## PROBLEM
Below are the records; extract from them the line containing "お子様の文字を記念に残したい" to the line containing "On repère facilement", both lines included, exactly and with no pictures.

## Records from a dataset
= Beginning of Section =
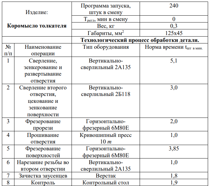 Исходные данные: I. Технологический процесс обработки с нормами времени по операциям приведён в таблице:
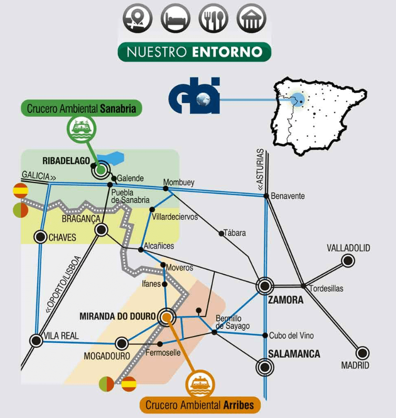 En la frontera entre Zamora y Portugal, a pocos metros de la presa de Miranda, los turistas y visitantes pueden surcar las aguas del Duero embalsado a bordo del barco ecológico de la empresa Europarques. El recorrido se ameniza con las explicaciones de guías y un audio que va detallando los recursos de la zona. Así, en los distintos puntos se pueden ver cultivos en bancales, avistar cigüeñas negras, visitar «El pozo de las nutrias«, casetos de piedra y, como no, conocer la belleza natural de las enormes paredes de piedra del Arribe.
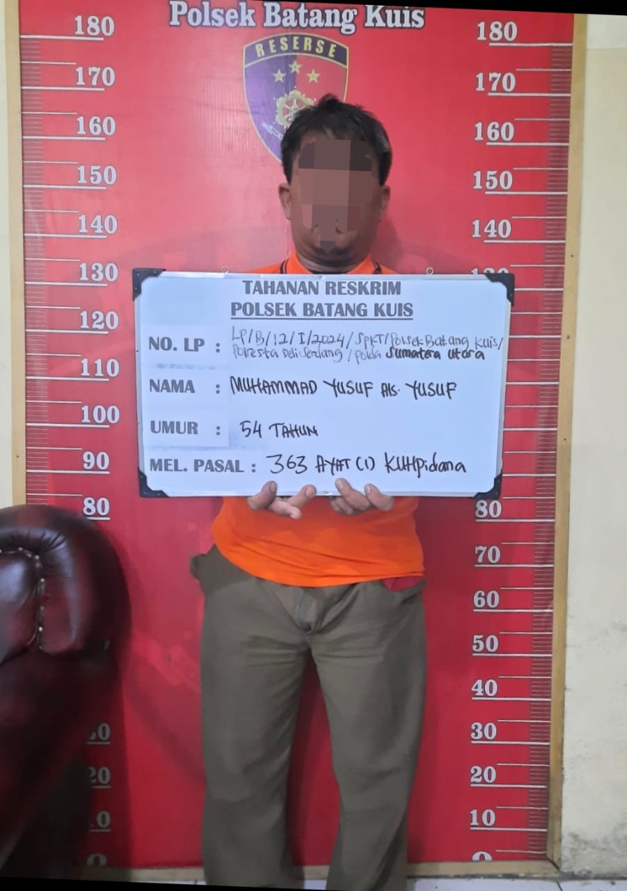 Tak butuh waktu lama, Tim unit Reskrim Polsek Batang Kuis melakukan penyelidikan dalam kasus pencurian tersebut dan dari hasil penyelidikan didapat informasi bahwa pelaku MY (55) berada dirumah menantunya di Jl. pimpinan Dusun II Desa Bintang Meriah Kecamatan Batang Kuis Kabupaten Deli Serdang, tim langsung menuju ke lokasi dan berhasil mengamankan pelaku beserta satu unit seoeda Motor Honda Vario warna hitam kendaraan yang digunakan pelaku bersama temannya ( DPO ), Selanjut nya tim Membawa pelaku beserta barang bukti ke polsek Batang Kuis guna dimintai keterangan lebih lanjut.
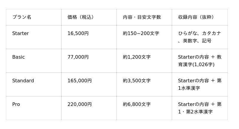 お子様の文字を記念に残したいご家庭から、独自の書体をデジタル化したい書道家の方まで、4つのプランをご用意しました。
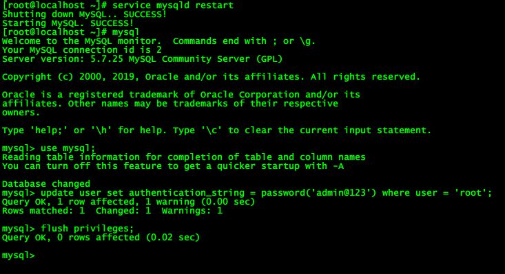 mysql> update user set authentication_string = password('admin@123') where user = 'root'
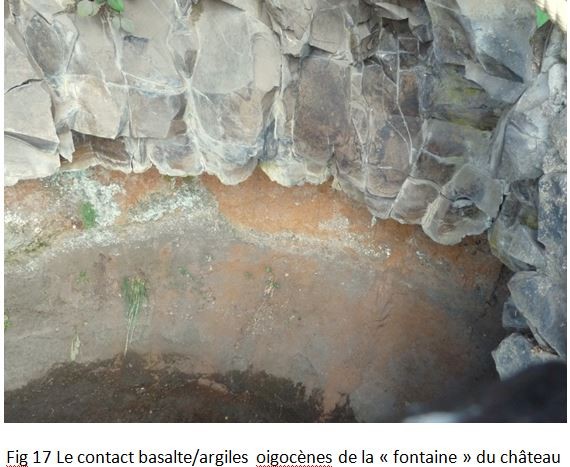 On repère facilement les pointements de basalte en place dans les murailles et le glacis (surfaces inclinées constituées de blocs de pierre qui entourent la base du châteu). Au pied du glacis se trouve une petite construction équipée d’une grille. C’est le « puits » ou la « fontaine » qui alimentait le village qui s’étendait entre le glacis et l’enceinte extérieure (fig 16). A l’intérieur on constate qu’on est en fait au contact du basalte sur les argiles oligocènes (fig 17). Cette fontaine n’est donc qu’une vasque dans laquelle s’égoutte l’eau qui aura traversé le chicot basaltique.
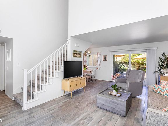 New Listing! Rarely available townhouse condominium in Todd Ranch 2. This beautiful unit features high ceilings, full front windows -- and a downstairs bedroom with a full bathroom. The upstairs features a large bedroom suite, and a full bathroom with dual vanities. There is another upstairs bedroom with a grand view of the large patio below. The unit comes with three parking spaces (a one-car garage, the driveway space and a numbered reserved space). This charming three bedroom, two bath unit has a beautifully updated kitchen that opens up to a grand living room with high ceilings and plenty of natural light. Another wonderful feature of this unit is the oversized patio with lush gardens, where your family and pets can enjoy an afternoon barbecue with the chirping birds and a nice coastal breeze. The unit is located in a prime location in the complex providing ample parking on a private street. Todd Ranch has four swimming pools and four clubhouses. The HOA dues include water and trash. Located within a Planned Urban Development (PUD) this property qualifies for Conventional, FHA and VA financing. Todd Ranch is an established, safe, friendly, all age community in a serene park-like setting. The complex is centrally located near restaurants, shopping centers, parks, recreation centers and top-rated multi-level schools. Don't miss this opportunity to own one of the most desirable townhomes in the complex and live in one of the most desirable neighborhoods in Ventura.
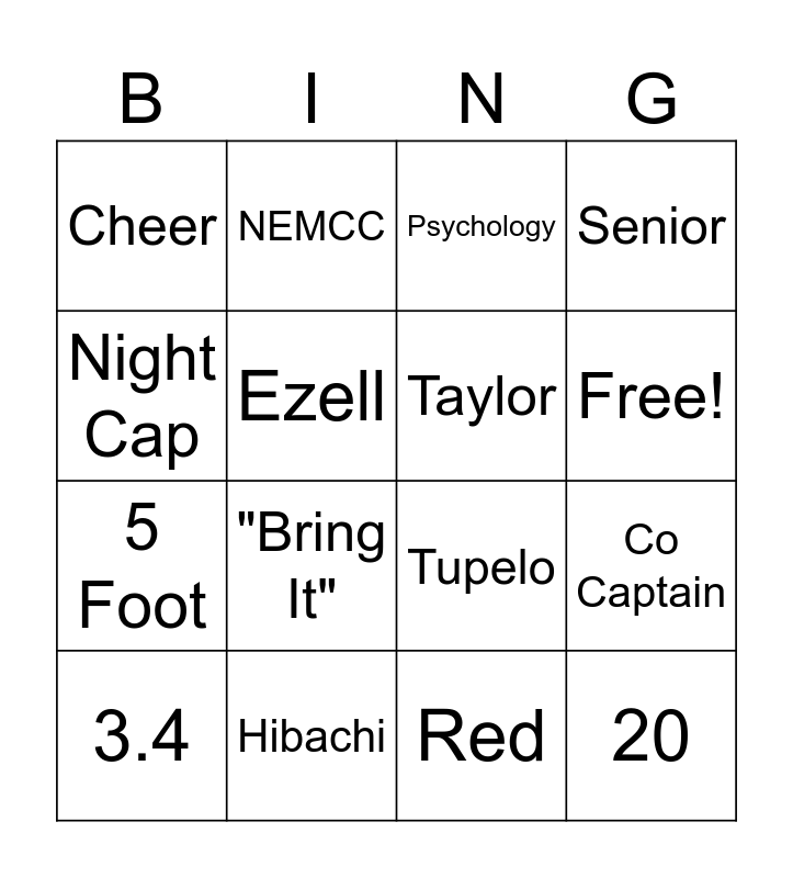 This bingo card has 18 words: "Bring It", 20, Psychology, Cheer, Tupelo, Senior, 3.4, NEMCC, Free!, 5 Foot, Red, Night Cap, Co Captain, Ezell, Taylor, Five Spots, Hibachi and Tarus.
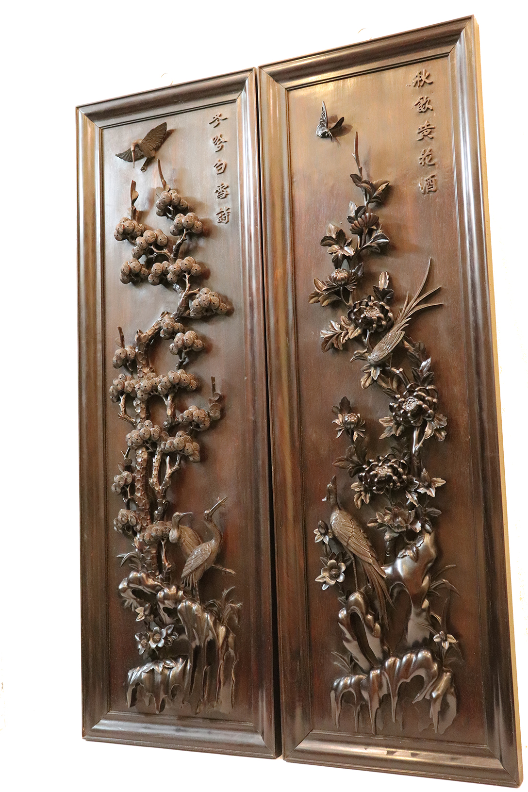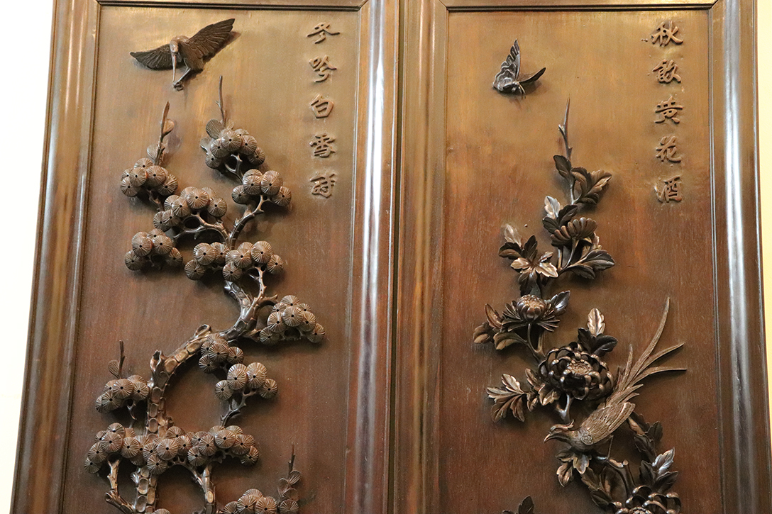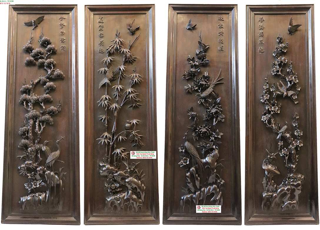 Đề tài được thể hiện ở bộ tranh này là tùng cúc trúc mai - bốn cây tượng trưng cho 4 mùa trong năm: Xuân Hạ Thu Đông. Điểm đặc biệt của bộ tranh này là tất cả gỗ được sử dụng đều là gỗ gụ nguyên tấm: Một tấm gỗ dày khoảng 5 cm được những người nghệ nhân lành nghề chạm khắc bằng nay nổi lên trên nền gỗ. Chính vì làm hoàn toàn bằng thủ công tay nên nét chạm khắc cực kỳ sinh động, không nét nào giống nét nào. Nó khắc hẳn với những tác phẩm chạm máy cứng nhắc và vô hồn.
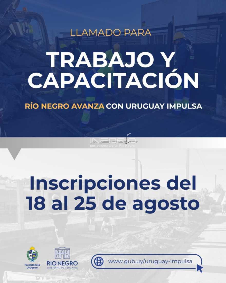 La Intendencia de Río Negro informa que desde este lunes 18 al 25 de agosto estarán abiertas las inscripciones al Programa Uruguay Impulsa (antes conocido como Jornales Solidarios).Esta iniciativa, impulsada a nivel nacional, brindará empleo temporal y capacitación a vecinas y vecinos del departamento, representan...
= End of Section =
## RESULT
 お子様の文字を記念に残したいご家庭から、独自の書体をデジタル化したい書道家の方まで、4つのプランをご用意しました。
 mysql> update user set authentication_string = password('admin@123') where user = 'root'
 On repère facilement les pointements de basalte en place dans les murailles et le glacis (surfaces inclinées constituées de blocs de pierre qui entourent la base du châteu). Au pied du glacis se trouve une petite construction équipée d’une grille. C’est le « puits » ou la « fontaine » qui alimentait le village qui s’étendait entre le glacis et l’enceinte extérieure (fig 16). A l’intérieur on constate qu’on est en fait au contact du basalte sur les argiles oligocènes (fig 17). Cette fontaine n’est donc qu’une vasque dans laquelle s’égoutte l’eau qui aura traversé le chicot basaltique.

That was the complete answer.